= WHAT THIS TASK INVOLVES =
Take the entries below and reproduce exactly the portion that begins at the line containing "Greenworks G40LM35 Cordless" and ends at the line containing "From Moonage, we're", keeping both ends, dropping pictures, and adding nothing else.
DATA EXCERPTS Block Start
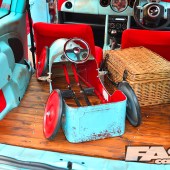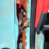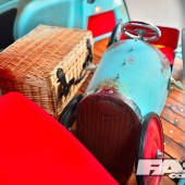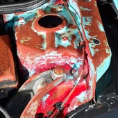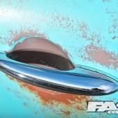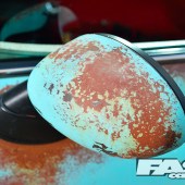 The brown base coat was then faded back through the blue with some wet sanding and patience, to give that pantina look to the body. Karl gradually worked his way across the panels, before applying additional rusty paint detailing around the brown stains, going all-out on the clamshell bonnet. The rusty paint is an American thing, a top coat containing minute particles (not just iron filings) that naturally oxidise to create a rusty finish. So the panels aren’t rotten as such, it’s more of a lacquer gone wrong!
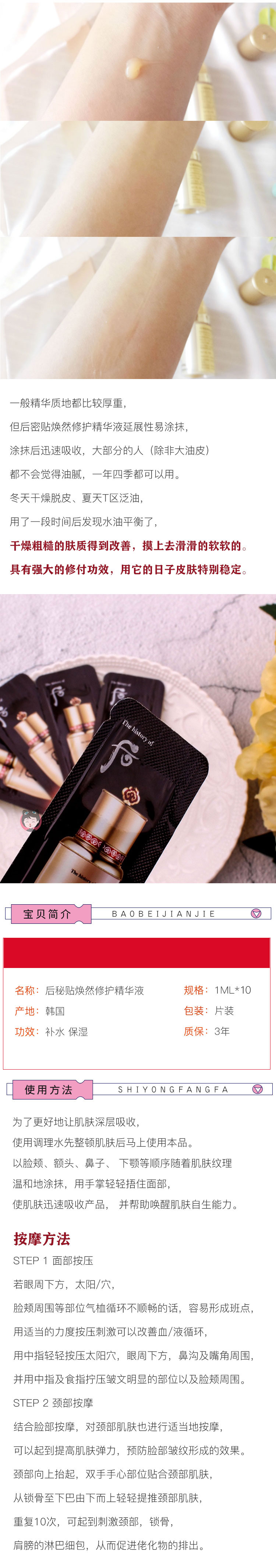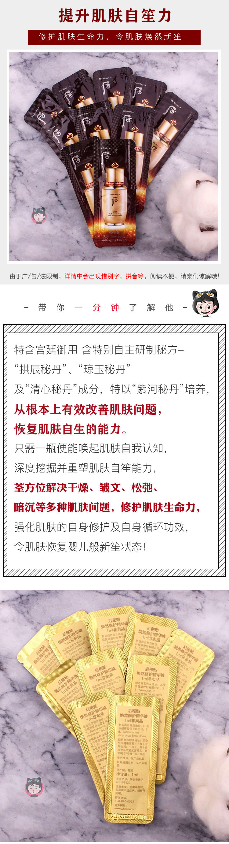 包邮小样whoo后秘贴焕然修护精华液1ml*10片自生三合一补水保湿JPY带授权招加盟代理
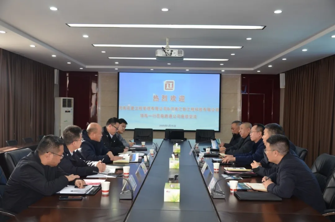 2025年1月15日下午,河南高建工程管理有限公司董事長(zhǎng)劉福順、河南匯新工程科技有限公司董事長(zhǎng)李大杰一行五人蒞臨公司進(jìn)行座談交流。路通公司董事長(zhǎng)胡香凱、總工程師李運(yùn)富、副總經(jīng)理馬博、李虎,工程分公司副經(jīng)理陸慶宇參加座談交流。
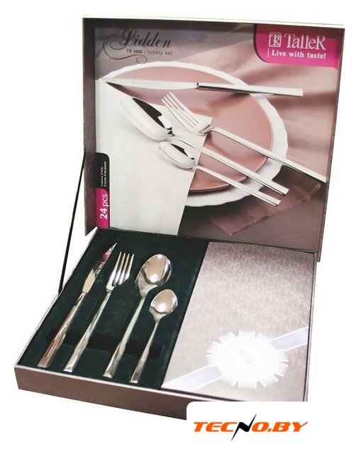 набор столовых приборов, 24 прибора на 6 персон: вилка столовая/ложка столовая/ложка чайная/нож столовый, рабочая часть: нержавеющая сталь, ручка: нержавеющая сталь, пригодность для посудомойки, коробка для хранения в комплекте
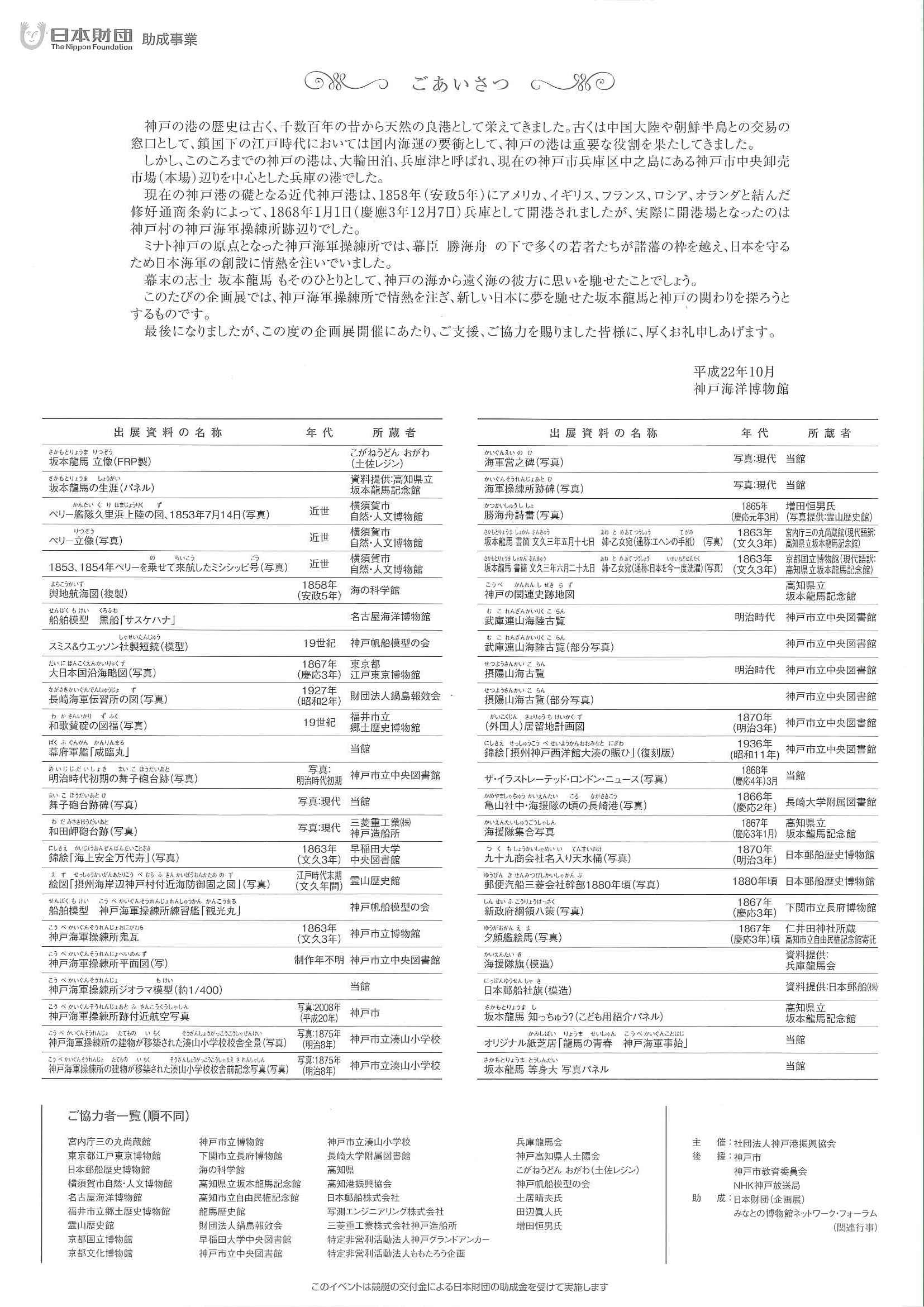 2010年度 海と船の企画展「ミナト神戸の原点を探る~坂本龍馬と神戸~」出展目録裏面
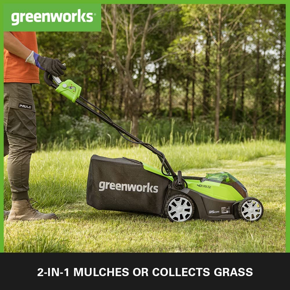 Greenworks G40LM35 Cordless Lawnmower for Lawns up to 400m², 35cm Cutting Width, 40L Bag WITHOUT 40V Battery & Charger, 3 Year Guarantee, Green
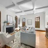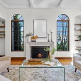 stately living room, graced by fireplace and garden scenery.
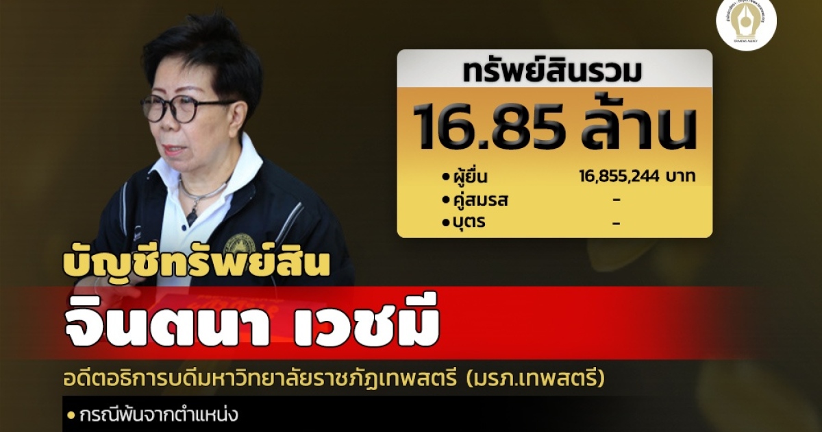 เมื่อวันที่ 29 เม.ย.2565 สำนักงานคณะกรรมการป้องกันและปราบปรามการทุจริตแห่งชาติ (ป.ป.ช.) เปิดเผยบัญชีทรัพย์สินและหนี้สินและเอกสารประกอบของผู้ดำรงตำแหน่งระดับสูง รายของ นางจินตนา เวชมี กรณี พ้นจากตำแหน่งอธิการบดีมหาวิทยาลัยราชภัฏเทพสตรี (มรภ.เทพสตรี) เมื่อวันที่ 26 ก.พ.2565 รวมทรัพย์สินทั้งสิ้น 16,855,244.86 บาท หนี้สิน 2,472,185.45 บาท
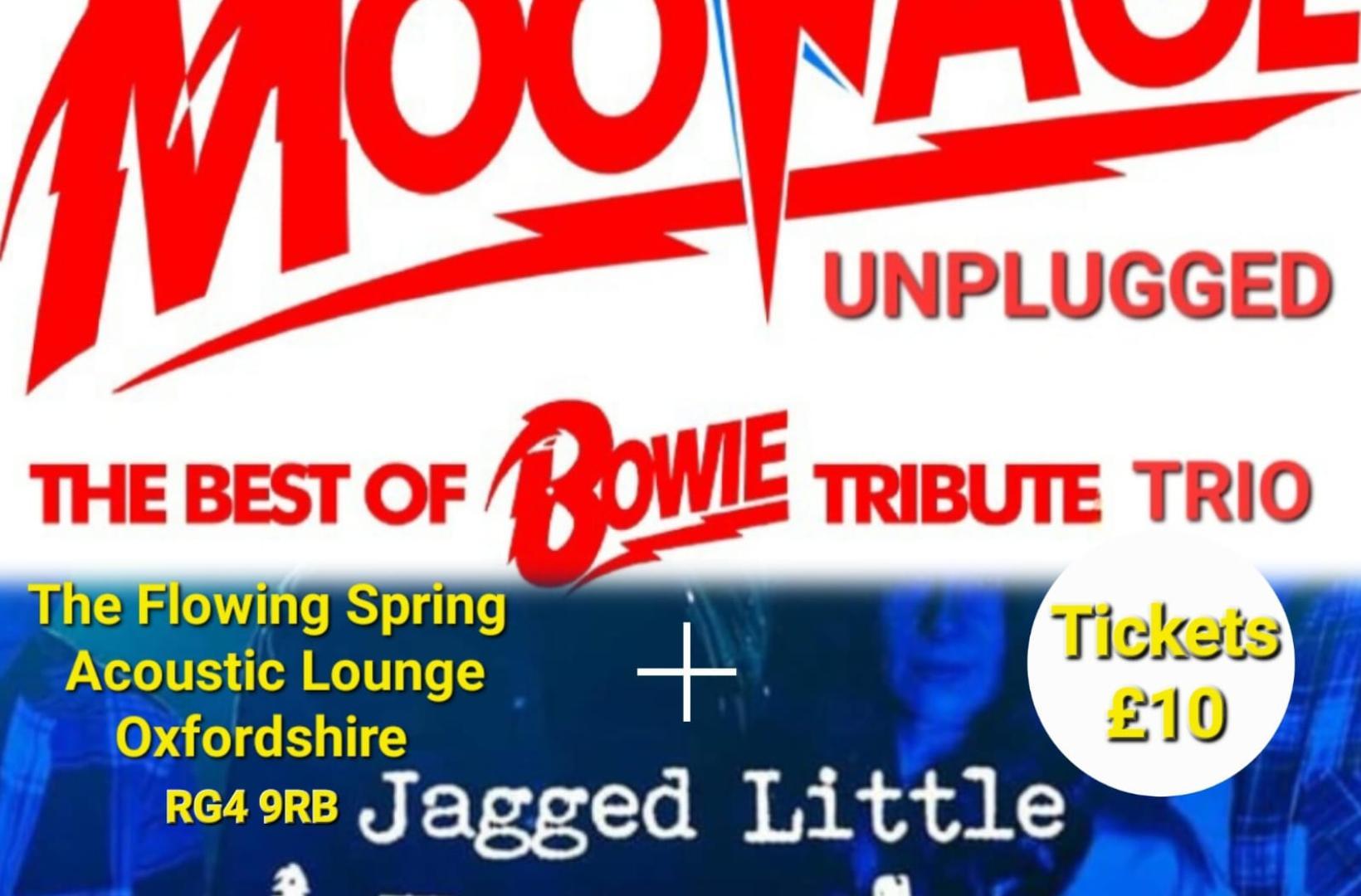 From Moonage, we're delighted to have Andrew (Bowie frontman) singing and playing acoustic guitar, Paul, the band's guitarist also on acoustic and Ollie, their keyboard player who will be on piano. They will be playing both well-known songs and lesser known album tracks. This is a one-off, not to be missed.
DATA EXCERPTS Block End
DATA EXCERPTS Block Start
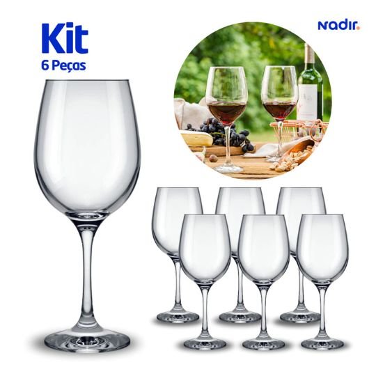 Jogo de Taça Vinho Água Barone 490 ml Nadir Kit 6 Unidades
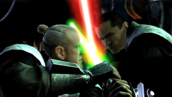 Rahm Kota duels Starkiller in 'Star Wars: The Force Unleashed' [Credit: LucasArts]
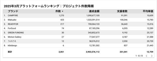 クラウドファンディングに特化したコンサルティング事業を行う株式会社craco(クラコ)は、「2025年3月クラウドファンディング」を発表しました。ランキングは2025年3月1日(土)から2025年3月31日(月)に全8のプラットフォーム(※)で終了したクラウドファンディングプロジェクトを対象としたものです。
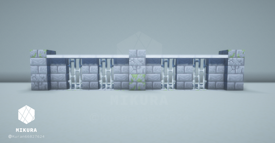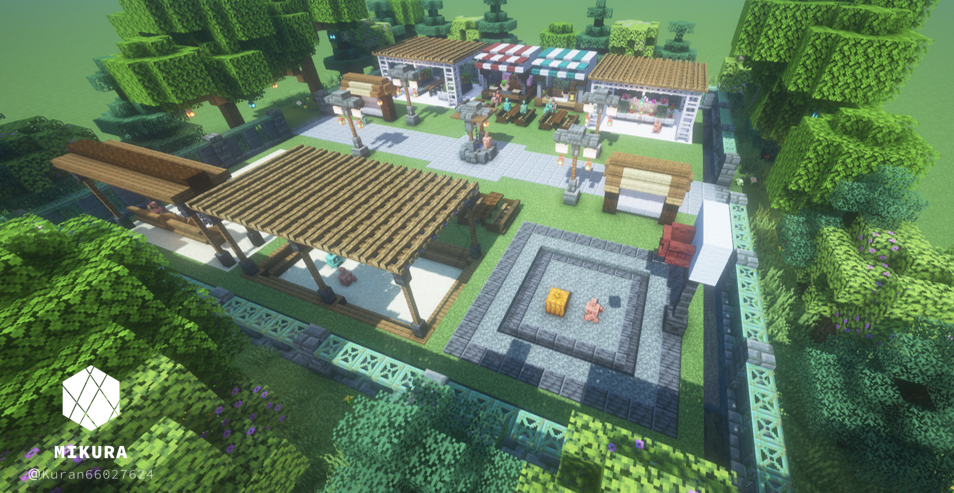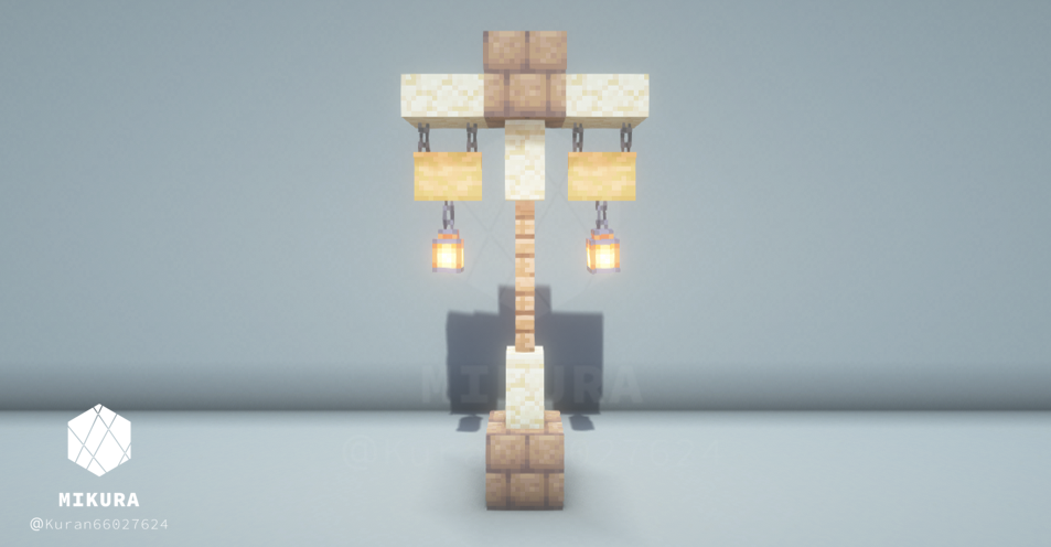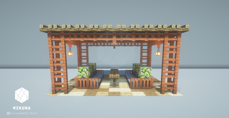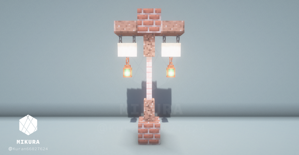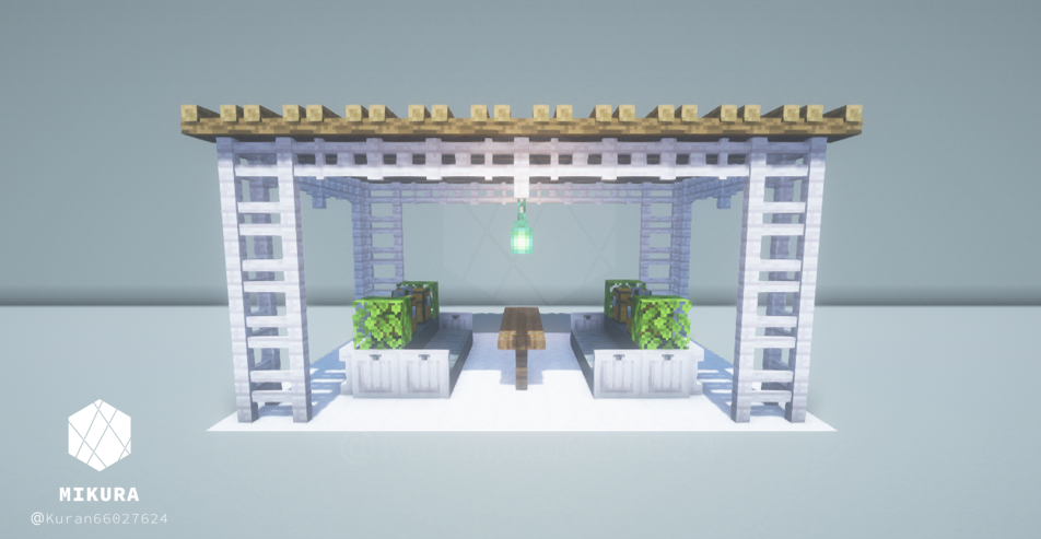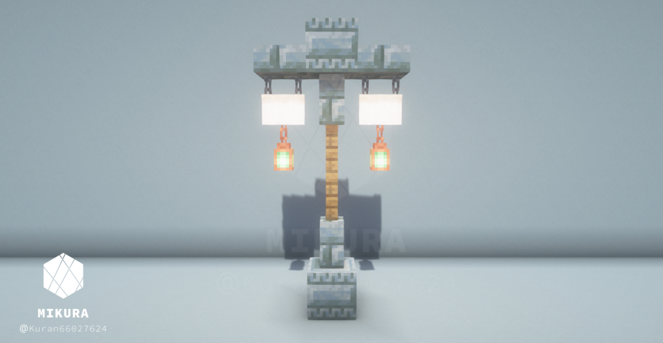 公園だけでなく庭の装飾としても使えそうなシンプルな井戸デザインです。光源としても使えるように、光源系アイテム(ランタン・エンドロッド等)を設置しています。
DATA EXCERPTS Block End
DATA EXCERPTS Block Start
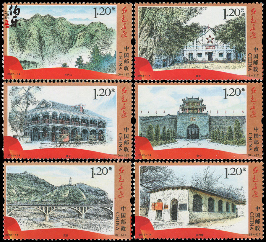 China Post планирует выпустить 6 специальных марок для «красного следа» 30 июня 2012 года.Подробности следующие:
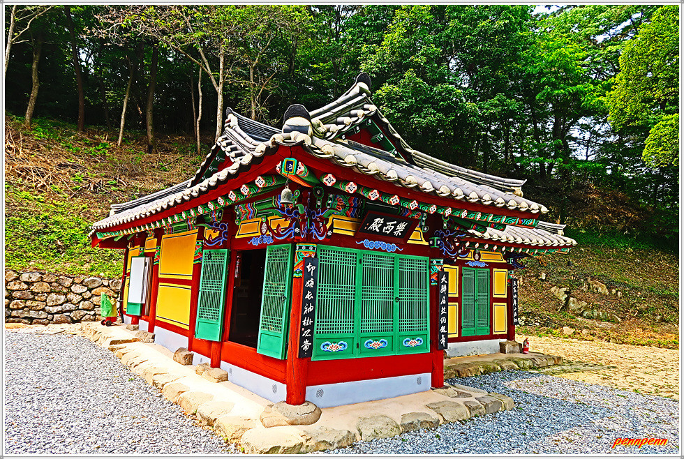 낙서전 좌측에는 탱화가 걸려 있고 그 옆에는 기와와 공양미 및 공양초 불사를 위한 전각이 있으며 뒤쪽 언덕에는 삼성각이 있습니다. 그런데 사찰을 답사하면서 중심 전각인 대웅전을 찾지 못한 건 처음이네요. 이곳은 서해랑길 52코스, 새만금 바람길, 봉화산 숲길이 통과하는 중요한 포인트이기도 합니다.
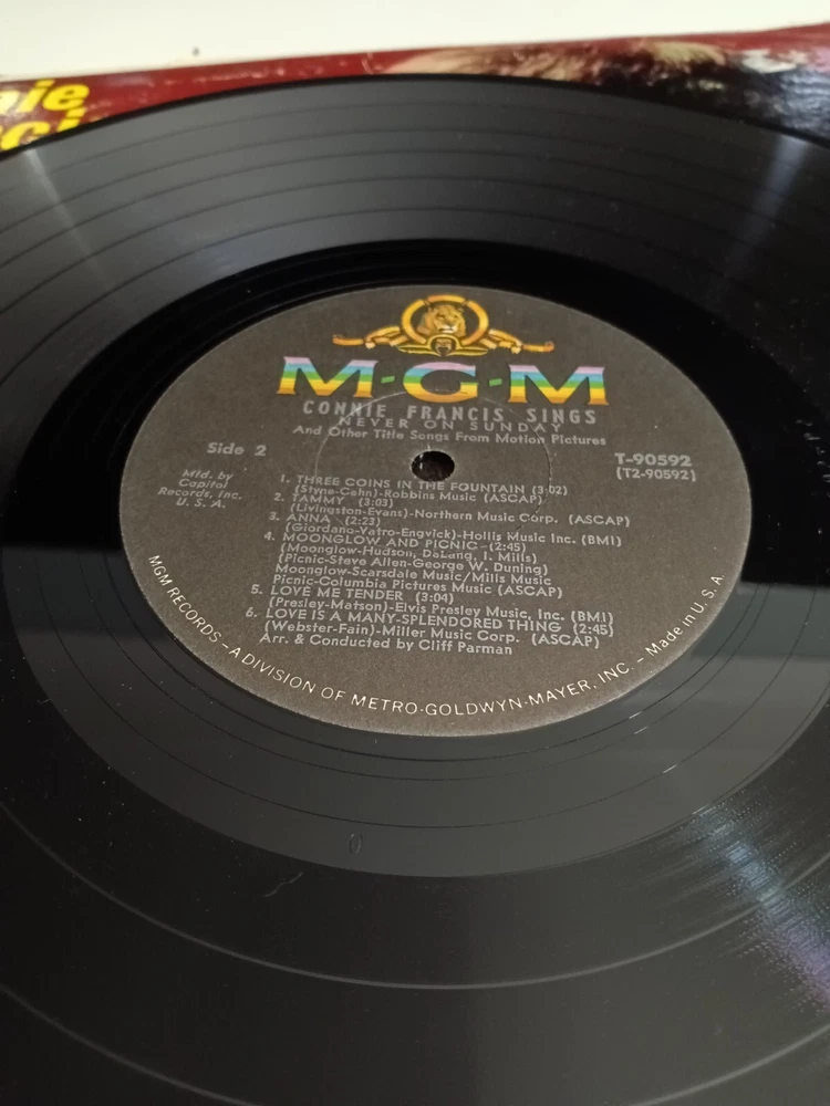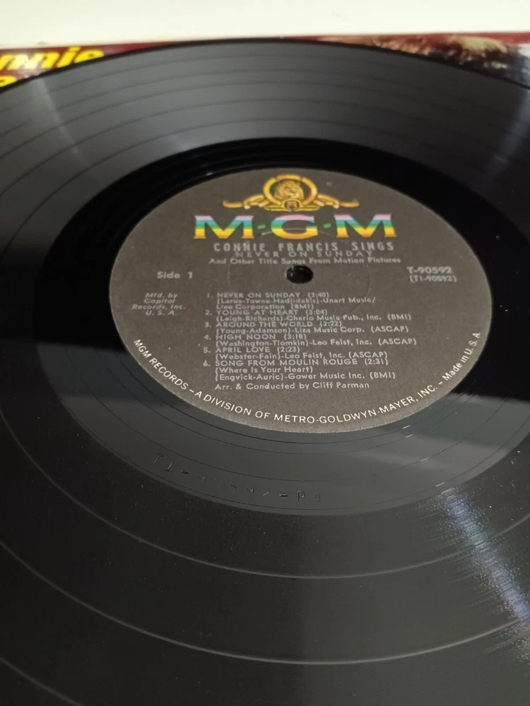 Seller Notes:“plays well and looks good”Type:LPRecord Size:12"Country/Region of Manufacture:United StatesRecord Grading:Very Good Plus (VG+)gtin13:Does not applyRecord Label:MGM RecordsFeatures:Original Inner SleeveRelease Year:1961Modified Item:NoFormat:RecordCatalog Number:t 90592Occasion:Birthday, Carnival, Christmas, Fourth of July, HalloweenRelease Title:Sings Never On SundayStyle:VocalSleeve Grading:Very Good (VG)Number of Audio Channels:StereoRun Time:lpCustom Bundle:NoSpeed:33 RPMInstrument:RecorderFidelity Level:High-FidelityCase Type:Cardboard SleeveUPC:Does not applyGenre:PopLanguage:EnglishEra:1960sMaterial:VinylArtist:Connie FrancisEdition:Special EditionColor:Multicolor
DATA EXCERPTS Block End
= OUTPUT FOR THIS TASK =
 Greenworks G40LM35 Cordless Lawnmower for Lawns up to 400m², 35cm Cutting Width, 40L Bag WITHOUT 40V Battery & Charger, 3 Year Guarantee, Green
 stately living room, graced by fireplace and garden scenery.
 เมื่อวันที่ 29 เม.ย.2565 สำนักงานคณะกรรมการป้องกันและปราบปรามการทุจริตแห่งชาติ (ป.ป.ช.) เปิดเผยบัญชีทรัพย์สินและหนี้สินและเอกสารประกอบของผู้ดำรงตำแหน่งระดับสูง รายของ นางจินตนา เวชมี กรณี พ้นจากตำแหน่งอธิการบดีมหาวิทยาลัยราชภัฏเทพสตรี (มรภ.เทพสตรี) เมื่อวันที่ 26 ก.พ.2565 รวมทรัพย์สินทั้งสิ้น 16,855,244.86 บาท หนี้สิน 2,472,185.45 บาท
 From Moonage, we're delighted to have Andrew (Bowie frontman) singing and playing acoustic guitar, Paul, the band's guitarist also on acoustic and Ollie, their keyboard player who will be on piano. They will be playing both well-known songs and lesser known album tracks. This is a one-off, not to be missed.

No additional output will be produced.